The Music Lovers (Ken Russell / United Kingdom, 1971):

Straub-Huillet have an idea about classical composers, just still figures in a chamber with music, elsewhere Ken Russell makes a case for "the savage method." It kicks off with a Doctor Zhivago lampoon in a blur of carousing amid snow, one of the revelers is Tchaikovsky himself (Richard Chamberlain) collapsing with his boyfriend in a Matisse red bedroom. It's not easy at the Moscow Conservatory with gossip and Rubinstein's disapproval, still he tears into the Piano Concerto No. 1 and each of the women in his life soars into ecstatic reveries. A past of river boats and white linen (the image is from Wild Strawberries) for the beloved sister (Sabina Maydelle), the libidinous admirer (Glenda Jackson) hungers for carriages and spreads like Messalina. The Platonic patroness (Izabella Telezynska) surveys from afar: "There are some things that even a man of his genius has to find out for himself." The fever of artistry and the absurdity of normalcy, stately 19th-century décor through flushed lenses, the whole Russell megillah.
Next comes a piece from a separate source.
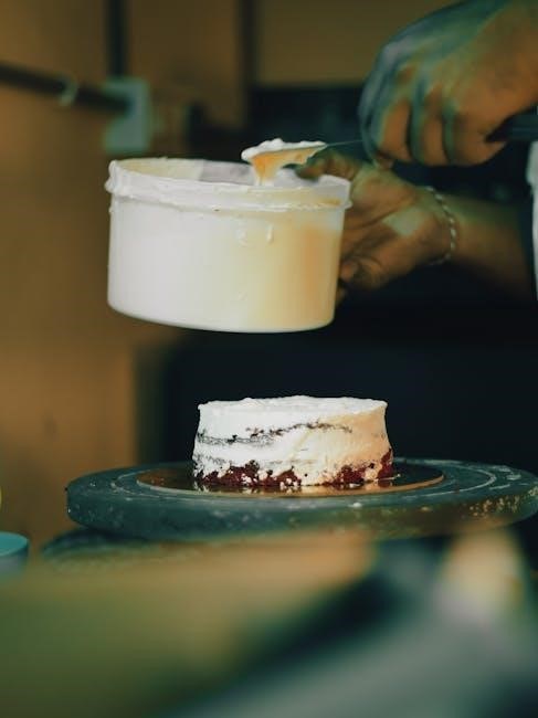 The Cuisinart Ice Cream Maker instruction manual inspires creativity with advanced and unique flavor combinations. Beyond classic recipes, it encourages experimenting with ingredients like matcha-green tea, balsamic strawberry, or pistachio-cardamom. These innovative flavors allow users to craft distinctive and sophisticated ice creams. The manual provides tips for infusing liquors, layering flavors, and incorporating mix-ins such as caramel swirls or crushed nuts. It also suggests pairing unexpected ingredients, like goat cheese with figs or honey with lavender, for a gourmet touch. With these ideas, users can elevate their ice cream-making skills and create one-of-a-kind desserts. The guide emphasizes the importance of balancing flavors and textures to achieve professional-quality results. Whether you’re hosting a dinner party or exploring new tastes, the manual’s advanced recipes help you push the boundaries of ice cream creativity.

Stimuli perpetually flowing and clashing, a raucous soiree where a sweet maternal voice becomes a scalding death scream. The comedy of the queer maestro hitched to the wanton "not satisfied with spiritual relationships," a camera obscura at the St. Petersburg honeymoon is the perfect peepshow after Swan Lake. (Pathéthique Symphony underscores the magnificently nauseous train ride, with its unforgettable view of a corset's vaginal tunnel.) "If it's love you want, an audience will give it to you," a manager's line. The auteur at his lowest, clawed and shivering and waist-deep in sludge, then at his highest leading a cannonade against his foes, streamers and bells and all. (Russell helps himself to for the 1812 Overture, Fellini returns the compliment in Casanova.) So it goes with Romantics, to the cauldron or the madhouse or the Seventies studio, "a matter of temperament." Cinematography by Douglas Slocombe. With Christopher Gable, Max Adrian, Kenneth Colley, and Maureen Pryor.